Ceuta, Israel y la política: la crisis migratoria que se convierte en arma
La crisis abierta en la frontera de Ceuta ha reabierto un frente inesperado: el de las relaciones entre España e Israel. Lo que arranca como un problema fronterizo con Marruecos se ha convertido en un escenario donde coinciden la política exterior, la estrategia electoral de Vox y las heridas abiertas por la guerra de Gaza.

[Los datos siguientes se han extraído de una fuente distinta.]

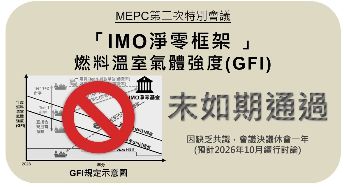 然而,本次會議自首日即因美國與沙烏地阿拉伯等國對「IMO淨零框架」採納程序及內容提出強烈反對,歷經多日協商仍未能形成共識。最終,沙烏地阿拉伯提出休會一年的臨時動議,並經表決獲得多數支持後,會議遂決議休會一年,預計2026年10月續行討論。
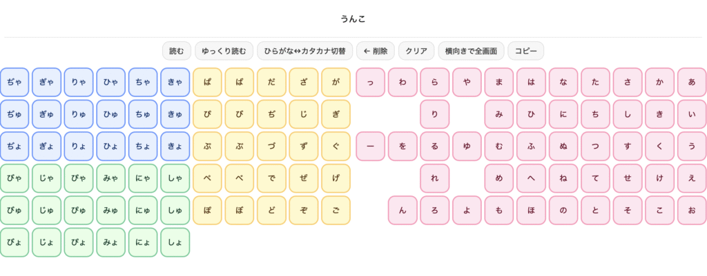子どもたちが、ボタンを押すと音声が出るおもちゃで、「う◯こ」と音を出して笑いながらひらがなを覚えていた様子をみて作りました。
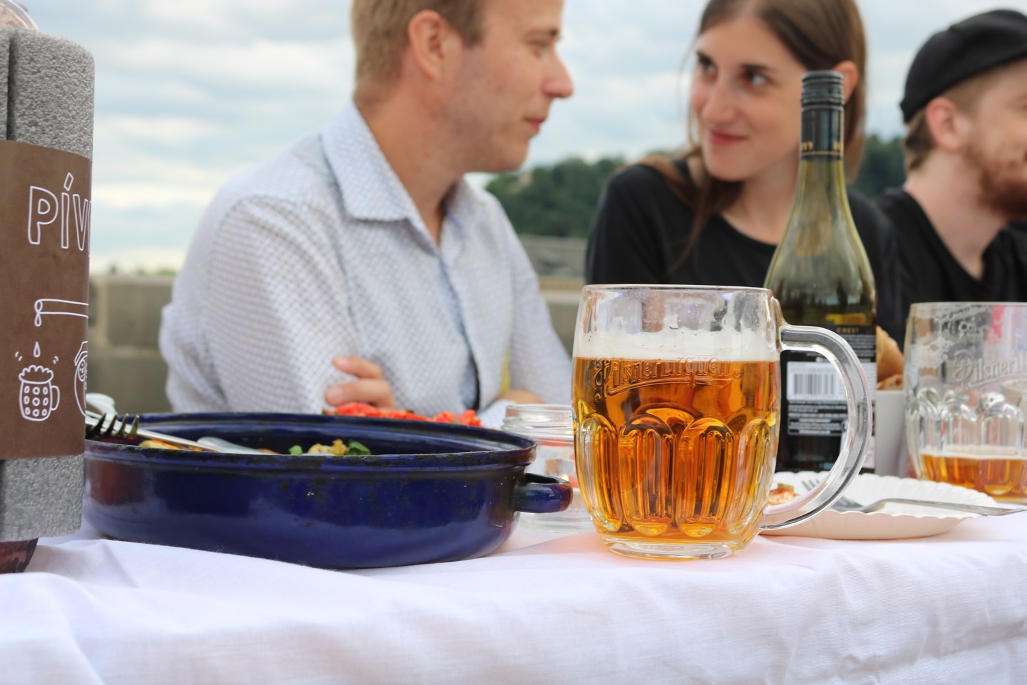 There was a bit of everything. Japanese food, a little sushi. And Italian, we were not surprised to see several pizzas. Homemade Czech sweets and other international ones like cupcakes. For drinks there were glasses and toasts with champagne, wine, shots and of course lots of beer.
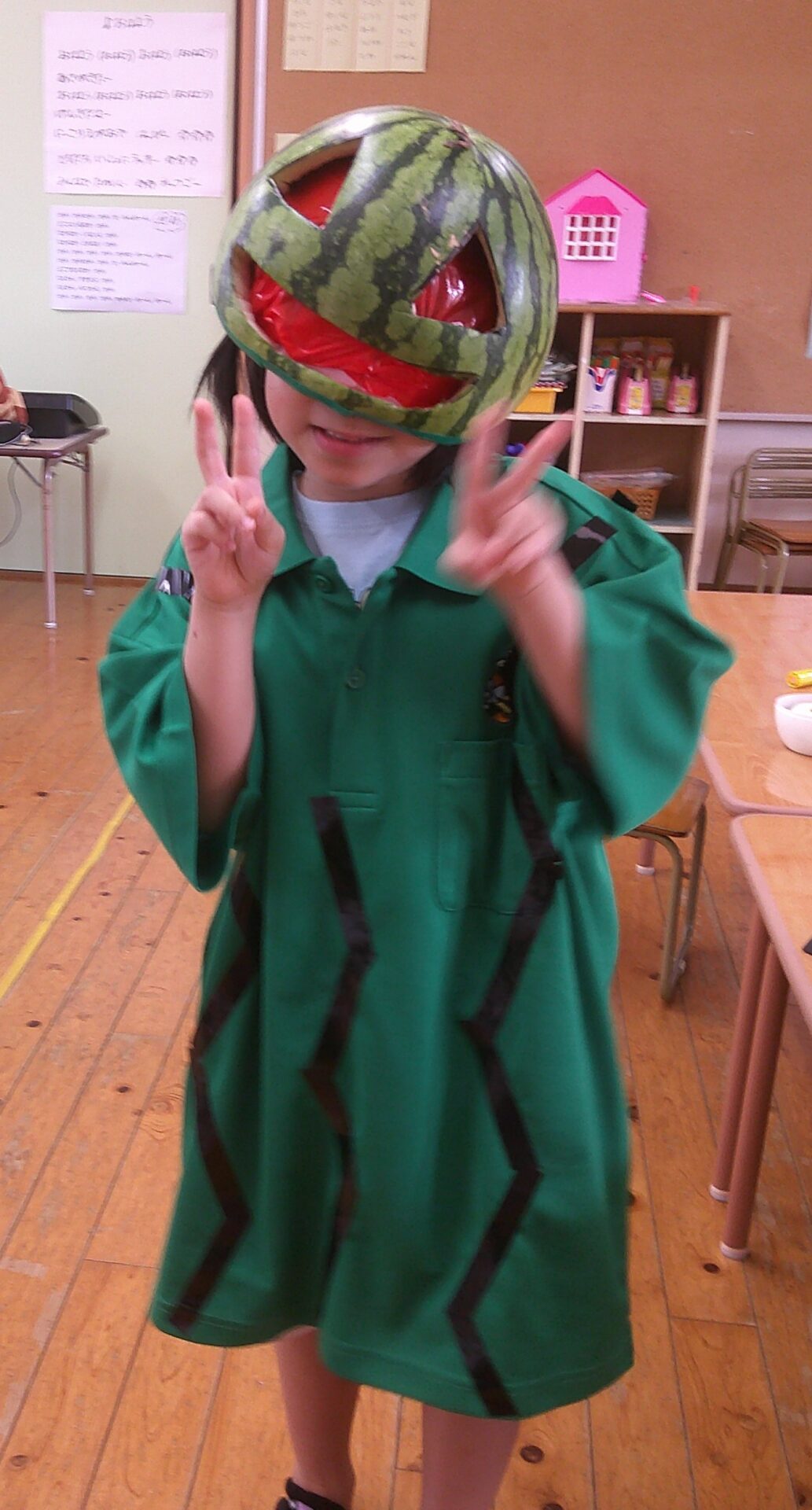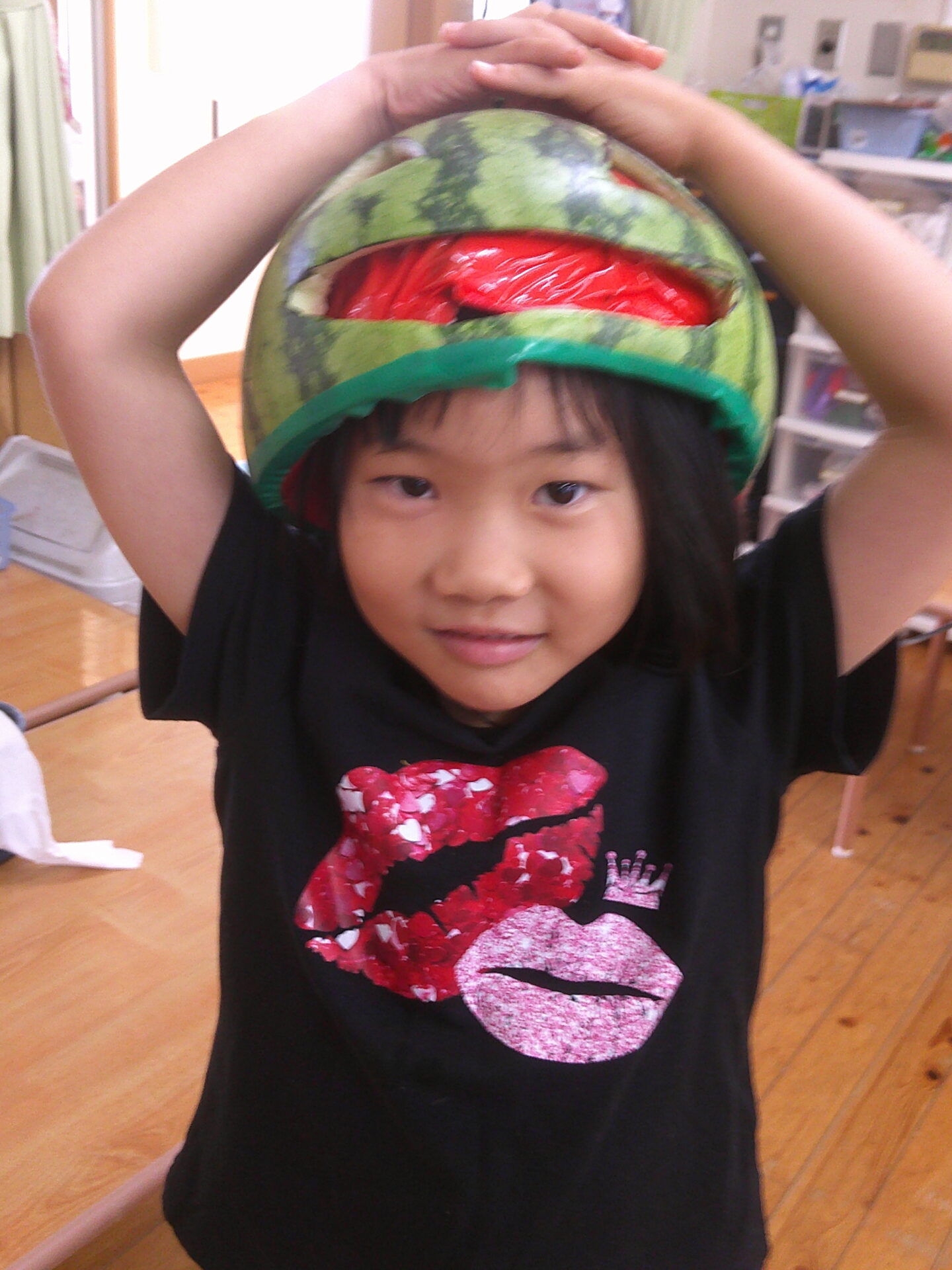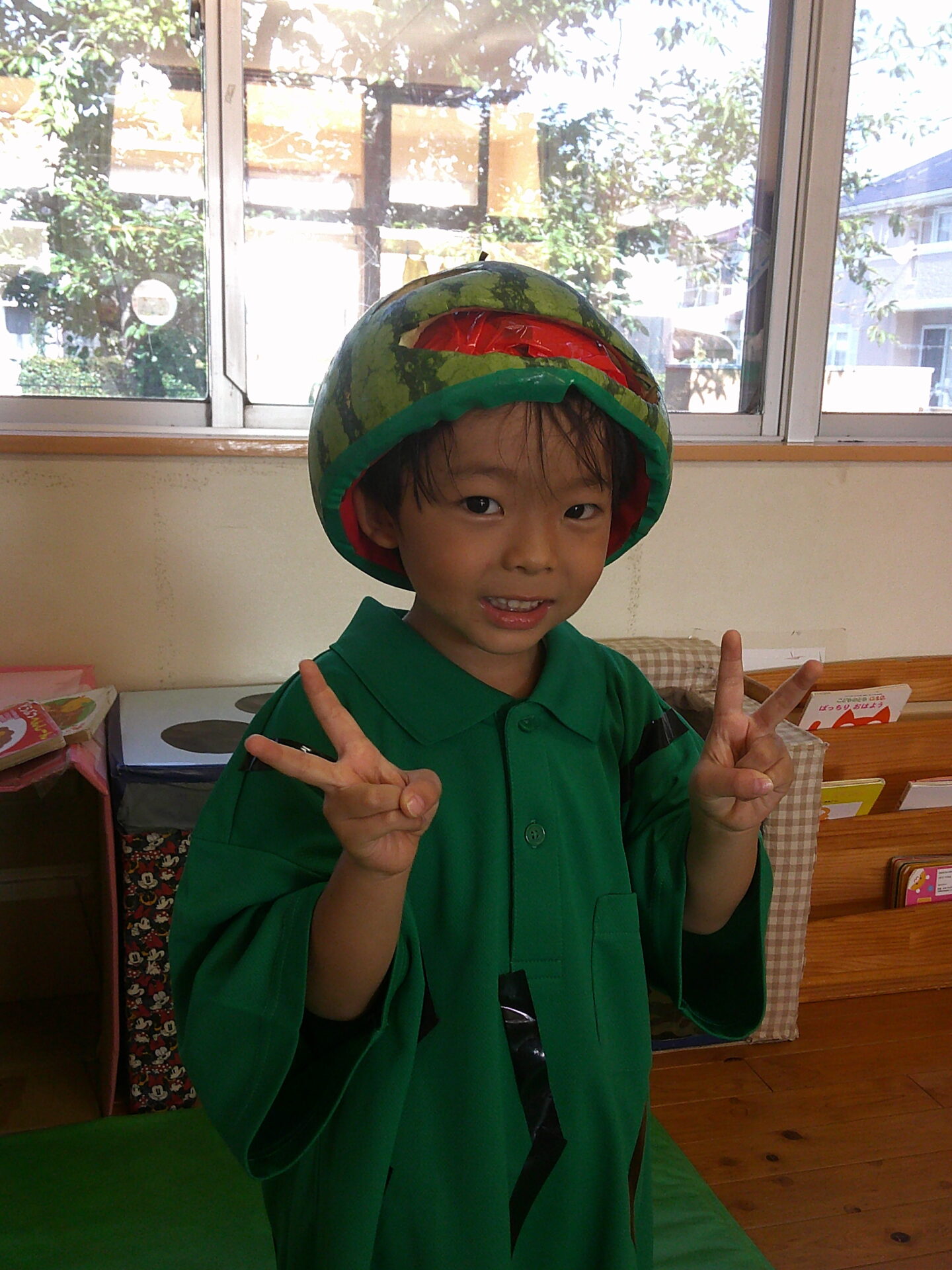 お誕生会、1.2歳児のすいか割りに引き続き、本日もすいかネタです。スイカをくりぬき、顔にしました。驚いたお友だちもいましたが、『かぶる~』と言ったお友だちも何人かいました。子どもにとっては、少し、重いようでしたが、しっかりと変身できていました😀
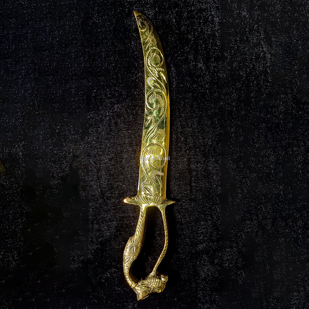 Kathi – a traditional brass ayudham used for Amman, Mariyamman, and other goddess alankarams. Crafted in solid brass with a sharp, symbolic blade design, this kathi is placed in the deity’s hand during pooja, festivals, and special alankaram rituals. Available in multiple sizes for both home temples and large sannidhis.
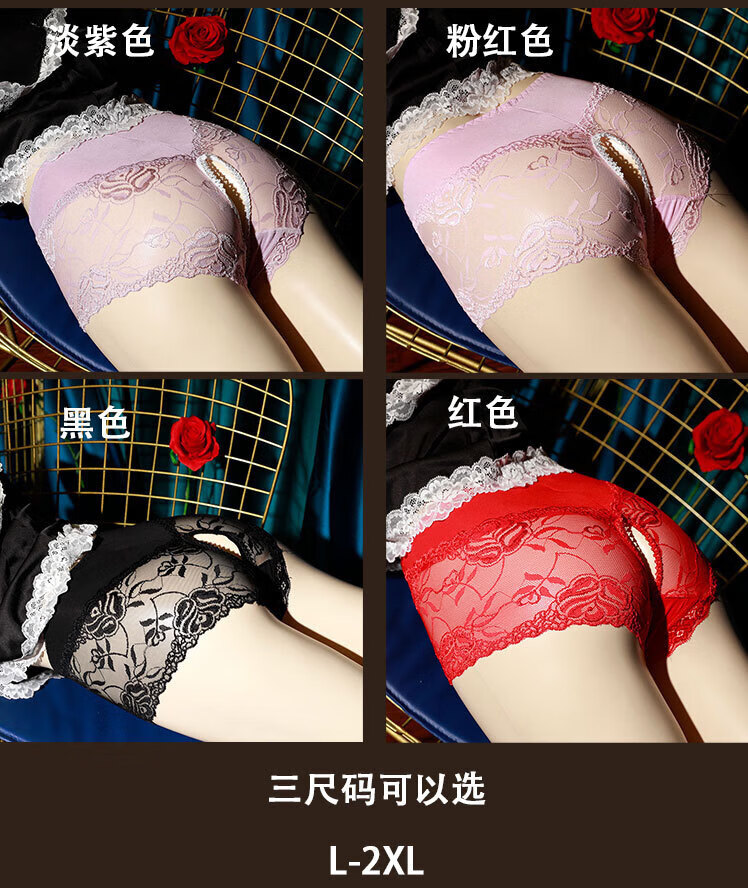 Universal adult men's and women's underwear, perverted and sexy women's crotchless lace briefs, no need to take off, transparent thong temptation, brown, L size, crotchless 90-110
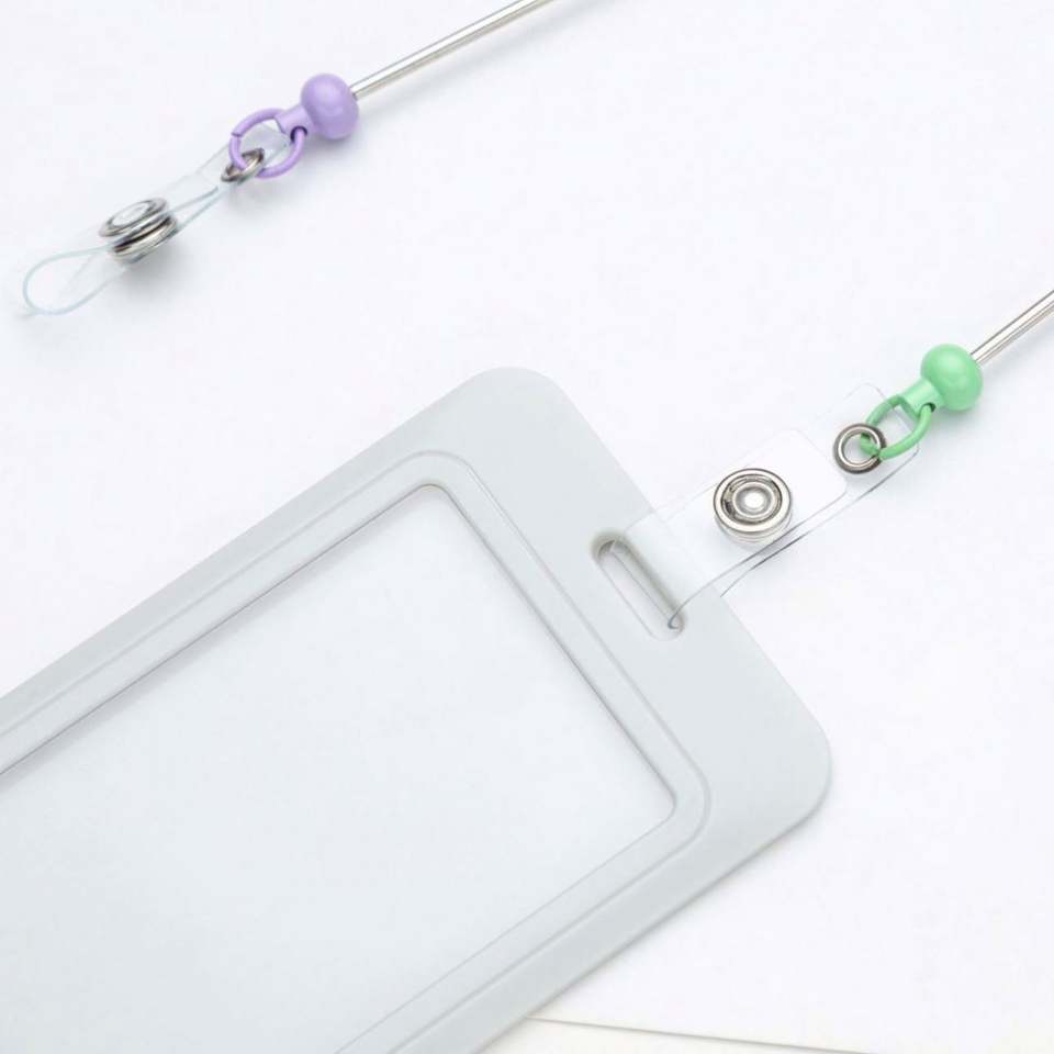 Porte-badge rétractable en métal personnalisé avec cordon perlé et porte-clés - Support de carte d'identité DIY pour infirmières et professionnels

El malestar cruzado entre Madrid y Jerusalén
En la conversación pública se ha instalado una doble lectura. Por un lado, sectores cercanos a Israel recuerdan que España acumula gestos hostiles: condenas a la operación en Gaza, defensa de la solución de dos estados y el apoyo a la flotilla. Por otro, no deja de señalarse que el Estado español ha dedicado décadas a cultivar ese vínculo, desde la concesión de nacionalidad a los sefardíes hasta guiños institucionales. El resultado es una relación llena de señales contradictorias.
Vox y el rédito de la frontera
La crisis ha encontrado a un actor dispuesto a capitalizarla. Abascal ha intentado rentabilizar la situación presentando la presión en la frontera como una invasión y cargando contra el gobierno. Es una operación política clásica: la tensión en Ceuta le permite a Vox exhibir el discurso de la mano dura sin necesidad de ofrecer cifras ni soluciones.
El precio económico de la tensión
Detrás del ruido está Ceuta, una ciudad cuya economía depende del comercio transfronterizo y de una frontera que se cierra y se abre al ritmo de la geopolítica. Cada pico de tensión tiene un coste directo en los comercios, en el empleo y en la percepción de seguridad. La crispación política no alivia ese problema: lo agrava.
El cruce de acusaciones deja en el aire una pregunta incómoda: ¿hasta dónde se puede usar una crisis humanitaria como arma de política interior y exterior? La respuesta, por ahora, nadie la tiene clara.